Microsoft Office vs LibreOffice for .NET applications
Let me start off by saying that I’m going to focus on LibreOffice instead of OpenOffice, because the latter one in my mind is pretty much abandoned. Although, the things I’m going to say about LibreOffice are also true for OpenOffice, since they are for the most part one and the same…
My application needs to show tables of data and for some tables graphs based on that data. While developing the application I had to choose between:
a) Writing everything myself from the ground up – windows for showing the tables, graph logic, making everything printable etc;
b) Automating LibreOffice;
c) Automating Microsoft Office;
I could write off option A immediately, because it simply wouldn’t have been feasible. There were no benefits going down that route, only costs.

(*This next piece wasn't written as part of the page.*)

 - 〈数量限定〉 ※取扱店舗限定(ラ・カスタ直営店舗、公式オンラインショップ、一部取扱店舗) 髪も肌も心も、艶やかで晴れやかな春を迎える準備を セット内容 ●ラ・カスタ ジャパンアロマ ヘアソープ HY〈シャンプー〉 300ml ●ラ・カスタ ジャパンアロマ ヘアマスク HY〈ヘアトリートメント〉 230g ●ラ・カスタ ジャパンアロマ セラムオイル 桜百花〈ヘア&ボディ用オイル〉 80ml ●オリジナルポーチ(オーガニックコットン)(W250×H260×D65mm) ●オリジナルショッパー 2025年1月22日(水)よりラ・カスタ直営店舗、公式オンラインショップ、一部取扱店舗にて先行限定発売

Option B was intriguing. I very much liked the idea of using a free office suite and not having to pay for Microsoft Office licenses. I was disappointed to find out that automating LibreOffice is impossible, and here’s why:
1) 0 documentation - literally! I can’t find any documentation on the API, there are almost no getting started guides, the only source of information seems to be LibreOffice forums (which is no good for active development)…
2) The API is disgusting – seriously! The few code snippets I have managed to find, suggests that there are no properties, only methods. You can forget about IntelliSense, because most methods require a string parameter for the action to perform – eg. “getSheets”.

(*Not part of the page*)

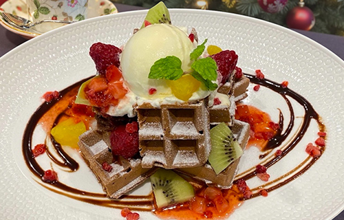 ゆったりと落ち着いた雰囲気の、大人がくつろげるカフェ。香り高いコーヒーとともに、外はパリッ、中はふんわりモチッのワッフルも味わえます。

3) The logic between the API and the classes involved is completely warped.
In the end I had no other option, but to use C. Microsoft Office has its own share of problems, which I’ll come to in a bit, but at least you can program against it, you can understand the API, you do have documentation, you have hundreds of posts on the web that you can search for answers, etc.
Here are some caveats about Microsoft Office:
1) First off, if you need to target/support multiple versions of Office, you need to use the lowest Office version Primary Interop Assemblies. So if you want to support Office 2003 and up, you need to use PIAs for Office 2003.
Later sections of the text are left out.